If four thousand people call a product “shitty,” it is fair to say that four thousand people reacted negatively to it. But that measurement can’t tell us about the culture of those people – are they engineers addressing it from a technological angle? Are they Venezuelan students reacting to a larger political issue? We assume that a word can be easily categorized along a linear trajectory – negative/positive, etc. But this isn’t necessarily the case. Words can be studied as focal points around which cultural domains are organized. By exploring these focal points in depth, we may be able to show the general organization principles which lend structure and coherence to a cultural domain as a whole, and which often have an explanatory power extending across multiple domains.

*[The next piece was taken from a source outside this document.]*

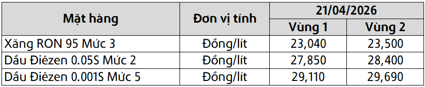 Mức giá mới có hiệu lực từ thời điểm 16 giờ 00 phút ngày 21 tháng 04 năm 2026 cho đến kỳ điều hành giá xăng dầu tiếp theo của liên Bộ Công Thương – Tài Chính, được công khai tại website hpetro.vn.

The underlying principle lacking in current social media monitoring processes is allolexy. The term allolexy refers to the fact that the same element of meaning may be expressed in a language in two or more different ways. Just as one word can be associated with multiple meanings, one meaning can often have two or more different lexical exponents. For example, in English, I and me are allolexes of the same primitive concept (In Latin, Ego). Often allolexes of a semantic primitive are in complimentary distribution. So in English, a combination of the semantic primitives someone and all is realized as everyone or everybody. In these particular contexts –one and –body can be seen as allolexes of someone; and –thing can be seen as an allolex of something. This notion of allolexy plays a particularly important role in social media monitoring because it allows us to build inflectional categories. For example, the forms am doing, did, and will do used without temporal adjuncts convey different meanings, but when combined with the temporal adjuncts now, before now, and after now, as in the sentences below, they are in complementary distribution and can be seen as allolexes of the same primitive DO:
- I am doing it now.
- I did it before now.
- I will do it after now.
When we apply an approach derived from an allolexical perspective, we can start to determine where sentences or words “match,” semantically, across languages, even though inflectional categories can differ considerably from language to language. In other words, if a word is taken out the process of discourse, it loses meaning and is therefore subject to interpretation that lacks a way of accounting for either semantic variance or semantic stability – it is nothing short of a guess.
In a sense it is true that words have no “fixed” meanings because meanings of words change. But if they were always fluid and without any “true” content, they could not change either. Words do have identifiable, “true” meanings, the precise outlines of which can be established on an empirical basis by studying their range of use and articulating the contexts that subtly repurpose them. The key point is that social media monitoring today does not account for semantic deviation and language as fundamentally tied to discourse.